Significance. If the performance gains hold after proper controls for multiple testing and overfitting, the work would advance scalable, automated discovery of non-linear phenotype-disease associations in cardiovascular imaging beyond expert-defined single features, with potential for broader PheWAS applications.

major comments (2)

[Abstract] Abstract: the top-rank claim (56/72 cases) provides no information on baseline definitions, statistical tests, cross-validation procedures, or multiple-comparisons correction, preventing assessment of whether the reported gains reflect genuine associations rather than selection artifacts from the iterative loop.
[Abstract] The Verifier's multi-stage criteria and numerical safety rules are described only at a high level with no mention of held-out evaluation sets, permutation baselines, or explicit controls for the number of candidate expressions tested; this directly bears on whether the 56 superior rankings are robust or spurious.

minor comments (1)

[Abstract] The abstract refers to 'transparent evidence trails' without indicating how these are presented or archived for reproducibility.

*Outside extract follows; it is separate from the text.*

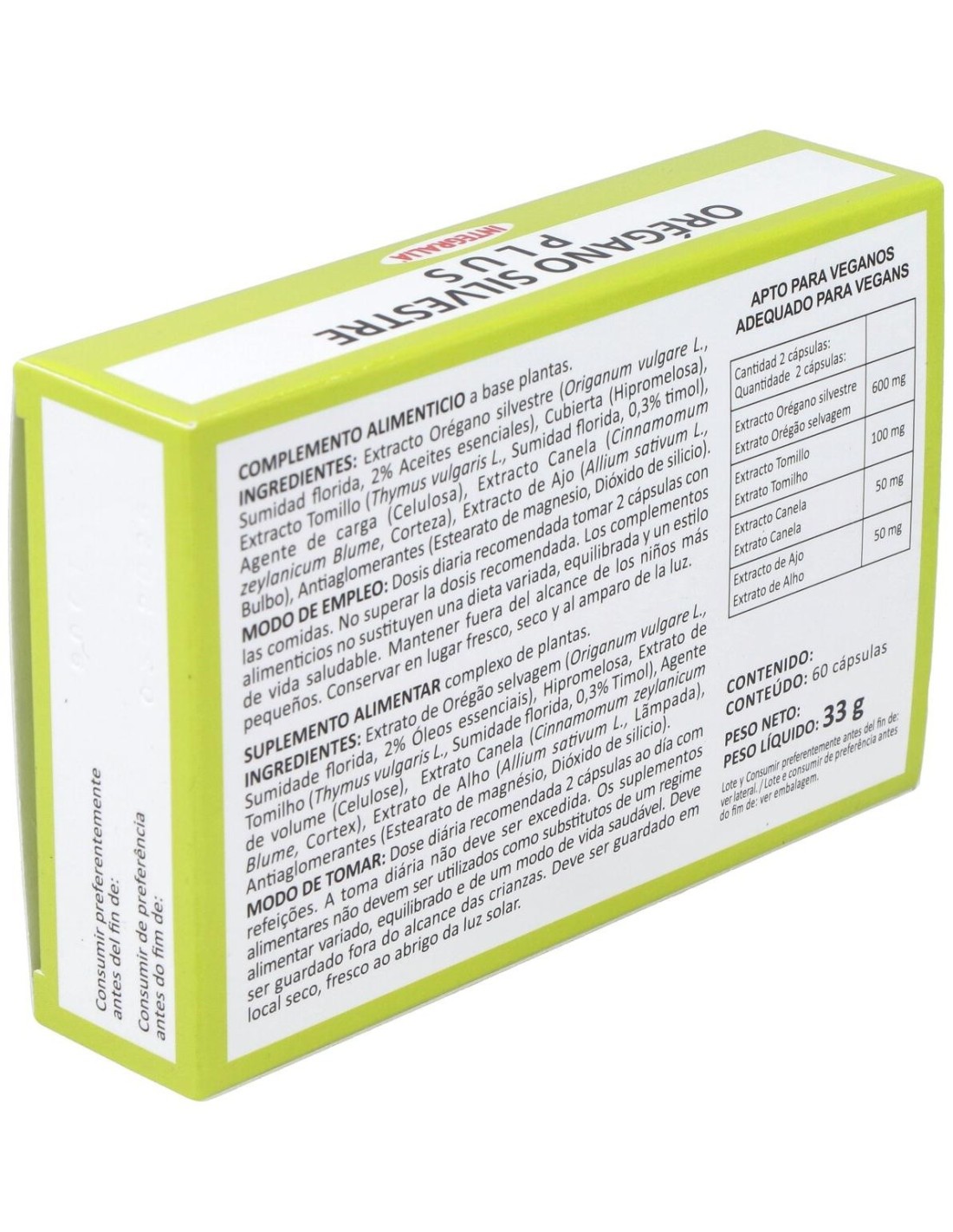 Complemento alimenticio en forma de cápsulas, elaborado a base de extractos naturales de orégano silvestre, tomillo, canela y ajo, que favorecen el bienestar general del organismo.
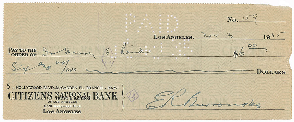 Bank check, 7.75 x 3, filled out in another hand and signed by Burroughs, “E. R. Burroughs,” payable to Dr. Henry S. for $6.00, November 3, 1935. In very good condition, with a vertical fold, expected cancellation holes and stamps, and scattered creasing. RR Auction COA.

Simulated Author's Rebuttal

2 responses · 0 unresolved

We thank the referee for the constructive feedback on the abstract. We agree that greater specificity on evaluation procedures would strengthen the summary and will revise the abstract accordingly. Point-by-point responses to the major comments are provided below.

read point-by-point responses

Referee: [Abstract] Abstract: the top-rank claim (56/72 cases) provides no information on baseline definitions, statistical tests, cross-validation procedures, or multiple-comparisons correction, preventing assessment of whether the reported gains reflect genuine associations rather than selection artifacts from the iterative loop.

Authors: We acknowledge the abstract's brevity limits detail on these elements. The full manuscript (Methods) defines baselines as the original cardiac imaging features plus expert single-variable phenotypes, employs stratified k-fold cross-validation for all classifiers, and applies FDR correction across the 72 combinations. We will revise the abstract to include a concise clause summarizing the evaluation protocol and statistical controls to allow immediate assessment of the ranking results. revision: yes
Referee: [Abstract] The Verifier's multi-stage criteria and numerical safety rules are described only at a high level with no mention of held-out evaluation sets, permutation baselines, or explicit controls for the number of candidate expressions tested; this directly bears on whether the 56 superior rankings are robust or spurious.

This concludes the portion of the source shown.